### Your objective
There is one span to output from the data below: the lines starting at the line with "Let a represent" and ending at the line with "وفوائد مكافحة الشخير". Output it exactly, ends included, nothing more.

### Extracted material
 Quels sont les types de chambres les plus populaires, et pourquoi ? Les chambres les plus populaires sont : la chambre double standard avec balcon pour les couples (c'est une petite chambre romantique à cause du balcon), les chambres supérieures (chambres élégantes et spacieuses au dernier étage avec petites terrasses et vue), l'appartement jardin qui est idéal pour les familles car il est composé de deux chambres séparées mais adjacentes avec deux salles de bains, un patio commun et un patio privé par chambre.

--

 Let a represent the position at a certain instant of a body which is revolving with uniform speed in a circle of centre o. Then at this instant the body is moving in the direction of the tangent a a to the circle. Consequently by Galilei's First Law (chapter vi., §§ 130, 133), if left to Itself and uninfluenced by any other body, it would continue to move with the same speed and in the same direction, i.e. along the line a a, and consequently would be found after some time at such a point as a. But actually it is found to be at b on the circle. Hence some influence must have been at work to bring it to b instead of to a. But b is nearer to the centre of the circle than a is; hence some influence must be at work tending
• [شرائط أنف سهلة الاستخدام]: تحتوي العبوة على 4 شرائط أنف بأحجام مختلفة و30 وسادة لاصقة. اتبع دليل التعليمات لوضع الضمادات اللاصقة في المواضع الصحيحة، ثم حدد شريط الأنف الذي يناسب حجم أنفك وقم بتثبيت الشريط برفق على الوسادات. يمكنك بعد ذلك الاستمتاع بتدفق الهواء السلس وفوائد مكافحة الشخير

--

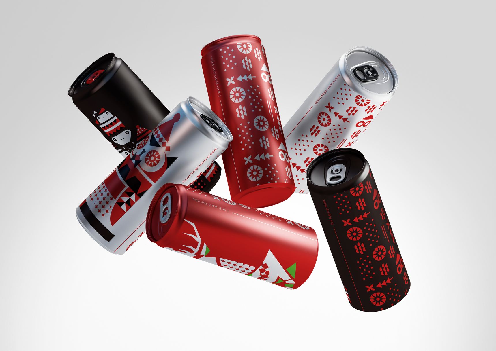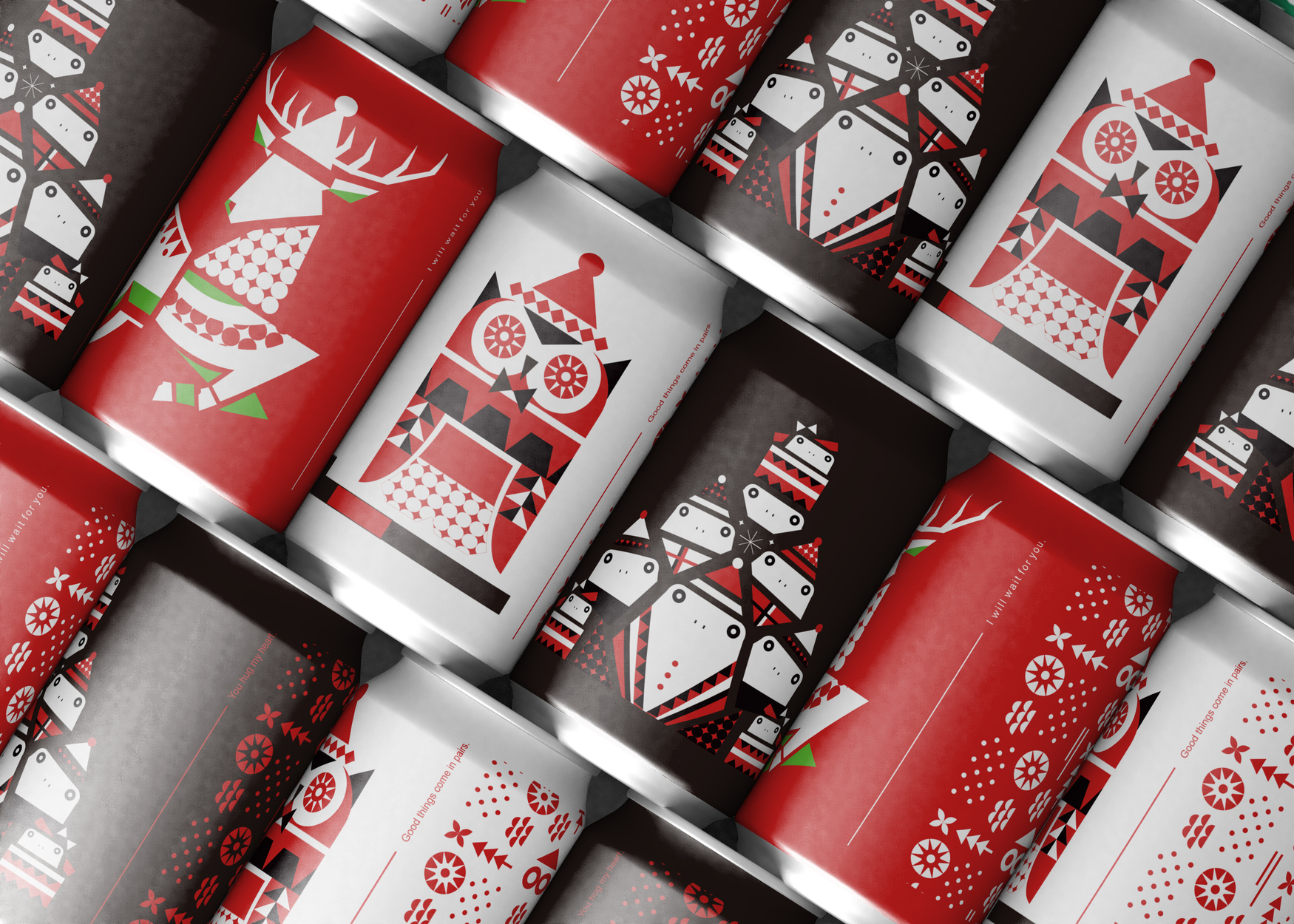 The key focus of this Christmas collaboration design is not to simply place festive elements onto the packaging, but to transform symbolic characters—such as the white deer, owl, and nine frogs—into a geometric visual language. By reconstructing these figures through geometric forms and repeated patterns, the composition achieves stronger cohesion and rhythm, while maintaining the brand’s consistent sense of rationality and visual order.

### Task output
 Let a represent the position at a certain instant of a body which is revolving with uniform speed in a circle of centre o. Then at this instant the body is moving in the direction of the tangent a a to the circle. Consequently by Galilei's First Law (chapter vi., §§ 130, 133), if left to Itself and uninfluenced by any other body, it would continue to move with the same speed and in the same direction, i.e. along the line a a, and consequently would be found after some time at such a point as a. But actually it is found to be at b on the circle. Hence some influence must have been at work to bring it to b instead of to a. But b is nearer to the centre of the circle than a is; hence some influence must be at work tending
• [شرائط أنف سهلة الاستخدام]: تحتوي العبوة على 4 شرائط أنف بأحجام مختلفة و30 وسادة لاصقة. اتبع دليل التعليمات لوضع الضمادات اللاصقة في المواضع الصحيحة، ثم حدد شريط الأنف الذي يناسب حجم أنفك وقم بتثبيت الشريط برفق على الوسادات. يمكنك بعد ذلك الاستمتاع بتدفق الهواء السلس وفوائد مكافحة الشخير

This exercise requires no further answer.